Los Gobiernos exitosos definirán un modelo de país y diseñarán un plan a largo plazo para lograrlo

Ángel Ubide
Maravillas Delgado

La crisis del euro se ha acabado. Es cierto, la tragedia griega sigue en primer plano, y la salida de Grecia del euro podría atestar un golpe mortal al proyecto de la moneda única. Pero no es un escenario realista ni probable. Es un espectáculo que llena páginas de periódicos, pero que solo revela que estamos viendo una negociación en público.
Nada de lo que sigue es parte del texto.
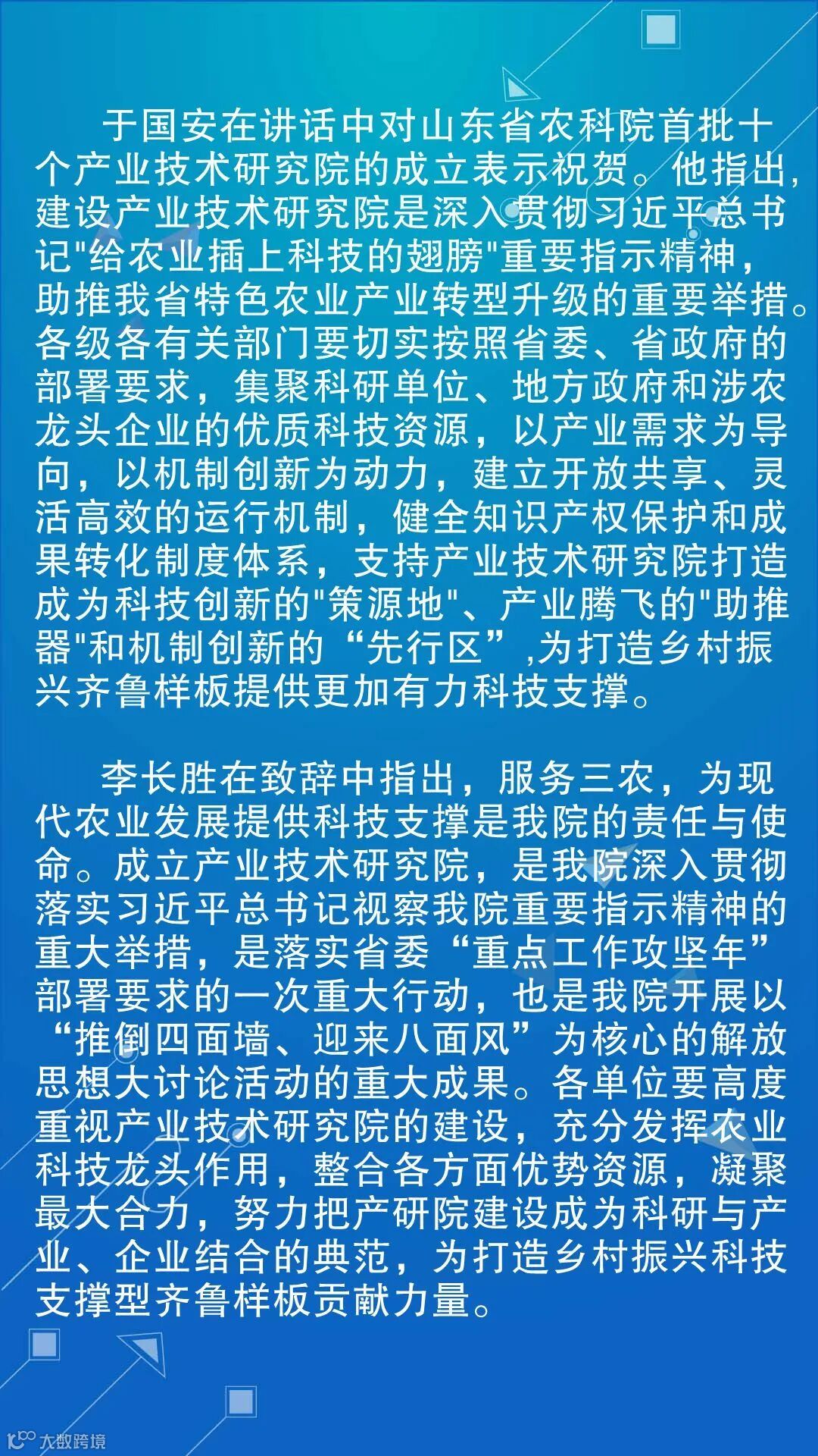 山东省农业科学院首批十个产业技术研究院在济南成立!

Y, durante una negociación, nada de lo que se dice es necesariamente verdad, todo es parte de una estrategia para conseguir maximizar la ganancia, sea personal, como en el caso del ministro Varoufakis, o colectiva. A ninguna de las partes le interesa cerrar la negociación antes del último minuto, ya que eso supondría no haber agotado todas las posibilidades. Tenemos película para rato. Pero aparte de Grecia, la crisis del euro ha terminado. Nadie (excepto la prensa británica, que siempre desea el fracaso del euro) duda ya del futuro del euro, la política económica ha dado un giro hacia la normalidad con la expansión cuantitativa del Banco Central Europeo y la neutralidad de la política fiscal, y la economía europea está empezando a dar señales positivas. Europa ha dejado de ser la preocupación de riesgos a la baja para ser una fuente de riesgos al alza para el crecimiento mundial. Los mercados financieros lo entendieron hace ya varios meses, como se refleja en el acelerón de las Bolsas europeas.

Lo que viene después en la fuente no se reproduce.